ASHP Offers Members Guidance on Talking to Public About Anthrax Threat

Donna Young

In the wake of the Sept. 11 tragedies, ASHP members may find themselves answering media and public questions about the risk of bioterrorism in the United States. First, some facts from the Centers for Disease Control and Prevention (CDC):
  • Anthrax, according to most military and counterterrorism authorities, represents the single greatest potential biological warfare threat today.      
  • Anthrax is caused by infection with Bacillus anthracis, a gram-positive spore-forming bacterium. The spore form of this organism, which can survive in the environment for many decades, is not virulent, doesn’t aerosolize well, and, in natural concentrations, is very hard to transmit through touch.      
  • Anthrax acquired by inhalation generally occurs after an incubation period of one to six days. After incubation, a nonspecific flu-like illness ensues, characterized by fever, myalgia, headache, a nonproductive cough, and mild chest discomfort. The second phase is marked by high fever, dyspnea, stridor, cyanosis, and shock.      
  • Ciprofloxacin, doxycycline, and penicillin are effective for prophylaxis and treatment after exposure to B. anthracis spores. For specific information about the use of these drugs, go to CDC's Web site.

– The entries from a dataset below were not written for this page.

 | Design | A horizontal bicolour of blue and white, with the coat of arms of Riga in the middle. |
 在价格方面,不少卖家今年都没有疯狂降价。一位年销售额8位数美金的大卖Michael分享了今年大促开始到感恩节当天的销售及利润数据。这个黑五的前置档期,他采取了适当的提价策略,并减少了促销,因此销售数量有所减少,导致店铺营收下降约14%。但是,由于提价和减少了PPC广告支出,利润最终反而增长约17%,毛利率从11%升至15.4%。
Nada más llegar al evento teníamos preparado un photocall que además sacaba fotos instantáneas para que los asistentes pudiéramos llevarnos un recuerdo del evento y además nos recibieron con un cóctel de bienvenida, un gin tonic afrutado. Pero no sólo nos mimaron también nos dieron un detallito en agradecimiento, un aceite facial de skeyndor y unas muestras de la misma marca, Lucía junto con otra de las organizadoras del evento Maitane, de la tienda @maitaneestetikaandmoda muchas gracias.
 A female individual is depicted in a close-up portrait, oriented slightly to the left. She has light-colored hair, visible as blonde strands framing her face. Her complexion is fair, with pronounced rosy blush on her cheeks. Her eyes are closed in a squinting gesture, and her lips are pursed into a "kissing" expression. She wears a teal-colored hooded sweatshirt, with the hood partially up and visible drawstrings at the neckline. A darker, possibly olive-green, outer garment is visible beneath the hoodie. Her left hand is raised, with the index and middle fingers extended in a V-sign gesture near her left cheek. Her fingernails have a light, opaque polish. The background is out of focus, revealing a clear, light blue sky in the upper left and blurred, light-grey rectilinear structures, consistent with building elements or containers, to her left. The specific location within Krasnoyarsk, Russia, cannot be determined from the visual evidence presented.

Important points for the public to keep in mind:

  • Inhalational anthrax has little potential for person-to-person transmission. It also is very difficult to disperse effectively across large populations.      
  • The U.S. health care system has effective treatment protocols for individuals who have contracted anthrax. However, early diagnosis and treatment of inhalational anthrax is critical. If therapy is begun more than 48 hours after the onset of symptoms, the probability of death is high.      
  • Vaccines for anthrax are currently only available for military personnel, are for pre-exposure prophylaxis, and require multiple injections and yearly boosters.      
  • CDC does not recommend that influenza vaccination be considered as a way to avoid confusing influenza disease with suspected anthrax illness.      
  • Consumer stockpiling of medications such as ciprofloxacin (Cipro, Bayer Corp.) can lead to national shortages when a real need arises. Self-diagnosis and self-treatment with prescription medicines is never a good idea. Medicines, in general, also have a limited shelf life, can have significant side effects and drug interactions, and may not be the right therapeutic agent for the condition you have.      
  • Moreover, health care providers must ensure they have a clear diagnosis or strong indication of anthrax infection in immature pediatric patients, because ciprofloxacin (Cipro) can stunt cartilage growth in this patient population.